TASK GOAL: If a line holds the word "атмосферного", copy it from the entries.

DATASET EXTRACT:
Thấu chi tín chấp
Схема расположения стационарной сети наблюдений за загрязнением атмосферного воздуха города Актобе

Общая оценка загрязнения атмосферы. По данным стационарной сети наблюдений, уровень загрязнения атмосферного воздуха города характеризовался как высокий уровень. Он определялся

--

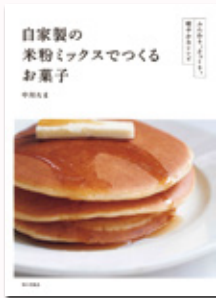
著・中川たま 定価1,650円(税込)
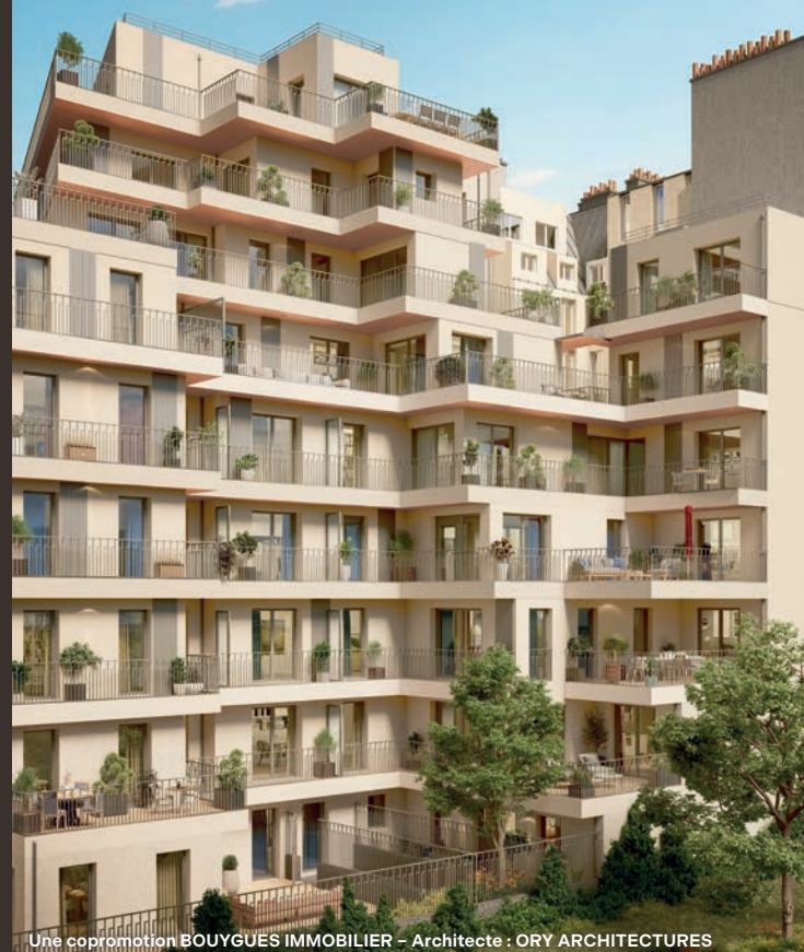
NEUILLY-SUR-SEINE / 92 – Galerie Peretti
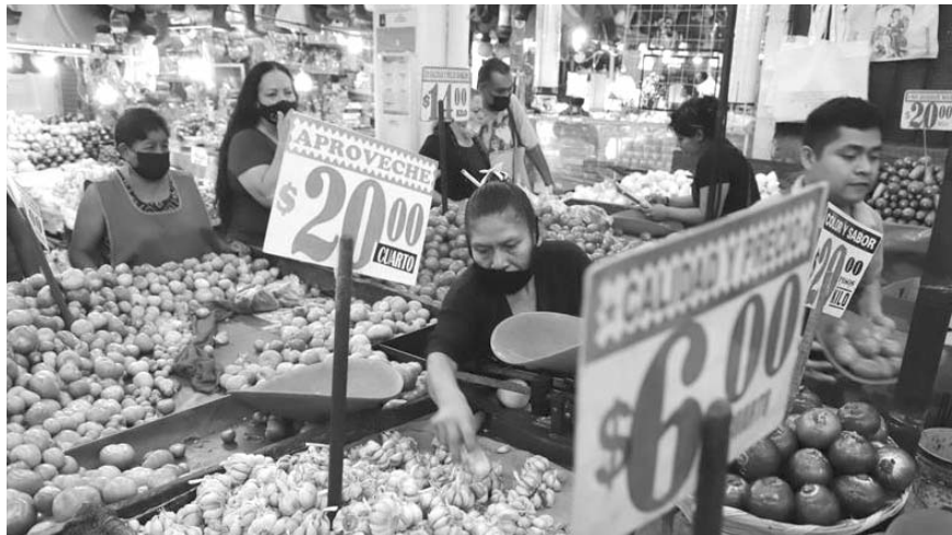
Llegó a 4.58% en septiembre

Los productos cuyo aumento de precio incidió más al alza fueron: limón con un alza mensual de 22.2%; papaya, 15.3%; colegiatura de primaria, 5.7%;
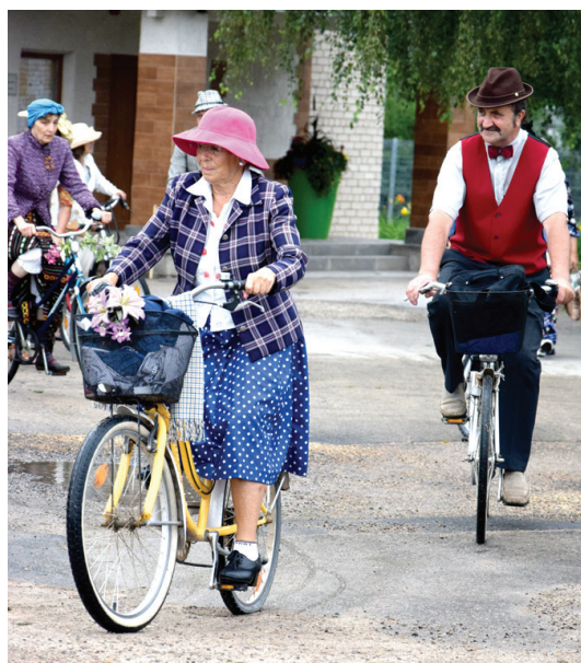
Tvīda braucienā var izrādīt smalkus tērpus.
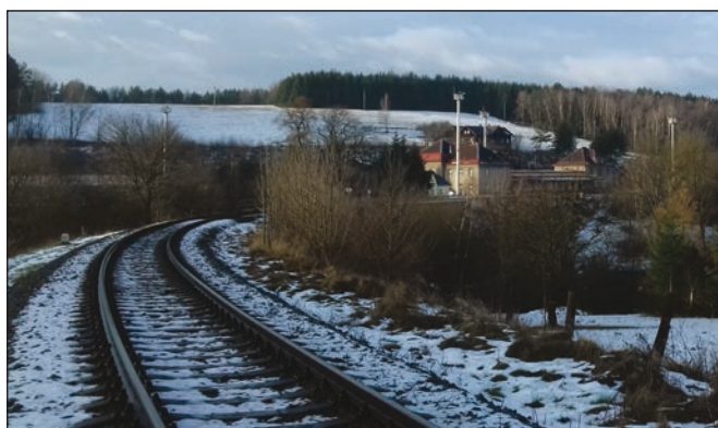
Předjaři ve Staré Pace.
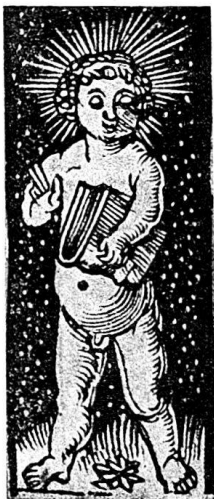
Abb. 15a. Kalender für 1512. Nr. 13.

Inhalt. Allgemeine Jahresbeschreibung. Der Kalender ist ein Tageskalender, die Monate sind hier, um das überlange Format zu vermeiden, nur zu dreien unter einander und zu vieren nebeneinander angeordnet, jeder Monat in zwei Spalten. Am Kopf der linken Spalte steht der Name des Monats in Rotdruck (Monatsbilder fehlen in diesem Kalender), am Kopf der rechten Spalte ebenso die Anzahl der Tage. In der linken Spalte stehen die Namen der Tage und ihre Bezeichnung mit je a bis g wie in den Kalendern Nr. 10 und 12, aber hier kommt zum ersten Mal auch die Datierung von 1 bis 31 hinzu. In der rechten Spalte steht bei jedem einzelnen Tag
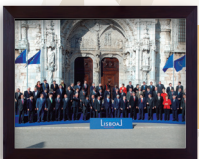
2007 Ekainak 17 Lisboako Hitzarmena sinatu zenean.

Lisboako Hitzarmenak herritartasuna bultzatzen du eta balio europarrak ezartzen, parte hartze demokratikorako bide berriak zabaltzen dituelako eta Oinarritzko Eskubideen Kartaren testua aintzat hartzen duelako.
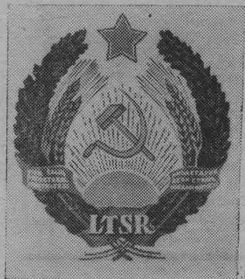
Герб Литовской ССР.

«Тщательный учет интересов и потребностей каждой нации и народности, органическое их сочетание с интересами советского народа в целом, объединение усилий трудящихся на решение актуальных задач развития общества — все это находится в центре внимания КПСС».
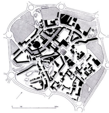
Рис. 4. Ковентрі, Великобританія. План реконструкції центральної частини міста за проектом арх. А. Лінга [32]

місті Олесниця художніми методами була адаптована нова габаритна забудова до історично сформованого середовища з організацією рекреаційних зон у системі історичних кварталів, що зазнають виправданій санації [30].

WRITTEN RESPONSE:
Схема расположения стационарной сети наблюдений за загрязнением атмосферного воздуха города Актобе
Общая оценка загрязнения атмосферы. По данным стационарной сети наблюдений, уровень загрязнения атмосферного воздуха города характеризовался как высокий уровень. Он определялся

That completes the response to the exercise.